# Footage of brand new Animal Crossing concept style



## JimmyJacobAC (Aug 23, 2015)

What do you guys think?


----------



## TheEchoTimes (Aug 23, 2015)

oh my god I love that video


----------



## JimmyJacobAC (Aug 23, 2015)

TheEchoTimes said:


> oh my god I love that video



There's no way this can get any worse.

...

It's worse!


----------



## Lena Scorpion (Aug 23, 2015)

Mmm...k


----------



## strawbewwy (Aug 23, 2015)

haha i like it


----------



## JimmyJacobAC (Aug 24, 2015)

Lena Scorpion said:


> Mmm...k
> View attachment 144503



Well, he sure did look around.


----------



## shuba (Aug 25, 2015)

this is the best


----------



## TykiButterfree (Aug 25, 2015)

Well I would buy this game. lol There are rare white trees.

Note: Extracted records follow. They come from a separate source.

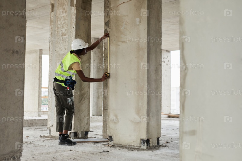 Женщина-строительница измеряет стены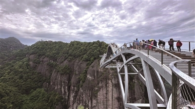 电梯一次可乘坐20人,只需要45秒,就可以将人送达128米高的悬崖之上。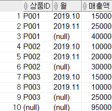 SELECT 상품ID, 월, SUM(매출액) AS 매출액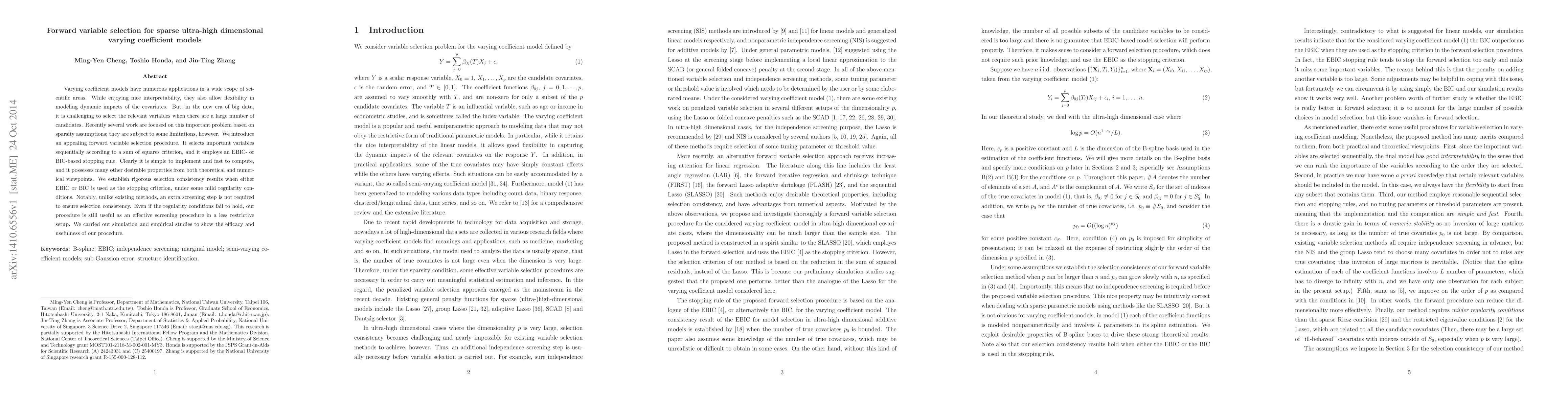The paper presents a novel, theoretically consistent, and computationally efficient forward variable selection method for ultra-high dimensional varying coefficient models.

Haha!


----------



## Kipper_snax (Aug 25, 2015)

haha love Vinesauce :3


----------



## Captain Crazy Chicken (Aug 25, 2015)

*SIIIIIIIIIIIIIIGH*

I see Vinesauce all the time now.


----------



## AmaiiTenshii (Sep 1, 2015)

"The museum of Clown-Vomit is now accepting patrons."

ive been watching vinesauce since like 2012-ish god help me


----------



## Moose716 (Oct 3, 2015)

Thats really cool. I could see glitch art as a thing. it could be really uniqe. Just imagine= "2035 Green Void, Animal Crossing WW, Bob Bob" jk. Still, really cool


----------